I'll get to this resistor sometime...

other things I have noticed and must replace:
-Water Pump (crap!)
AC system does not work at all, and I have no clue how to test the parts, I do not hear the compressor turn on, checked the relays and fuses (appear OK), so I guess AC compressor will come after I replace the water pump 

Any comments in regards to these will also be appreciated. 

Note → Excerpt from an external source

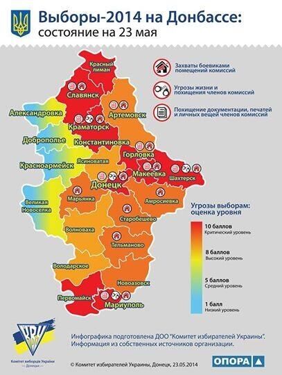 Начиная с конца апреля, боевики похищают членов избирательных комиссий. По состоянию на утро 20 мая всех ранее похищенных председателей ОИК освободили.

I'm taking my time with the fixes, and to this point have pulled probably 5 pounds of unnecessary wiring. (I would hate to replace things only to find faulty wiring as the problem)


----------



## blackmaxima88 (Mar 20, 2005)

just some random input about your A/C.... I think (could be wrong) but I'm pretty sure there's a safety cutoff that disables the compressor if the refrigerant (R-134a) is low, so that there isn't any damage. I understand that winter is coming up and that the price of R-134a has shot up in the past year or so, but it's worth getting a $5 gauge and checking it. a recharge kit with the adaptor, gauge, and refrigerant/lube mix usually runs between $20-25. I had a problem with my 94 XE with the A/C cutting in and out intermittently, and after adding refrigerant to the low-side port, I have icicles hanging from the ceiling after about 5 minutes.

Dan


----------



## B13boy (Dec 16, 2004)

Nissanparts2u.com is a good place to buy Factory Parts for a low price!


----------



## B13boy (Dec 16, 2004)

blackmaxima88 said:


> ...if the refrigerant (R-134a) is low, so that there isn't any damage. I understand that winter is coming up and that the price of R-134a has shot up in the past year or so, but it's worth getting a $5 gauge and checking it...
> Dan


I am pretty sure that this car should have R12 in it... unless it has been retrofitted. My 1992 Sentra has R12(about $50/lb) but you can check it yourself. Usually the R12 systems have small "bicycle" type valves on the A/C lines, and the R134A(about $25/lb) valves are larger and don't look like "bicycle" type valves.


----------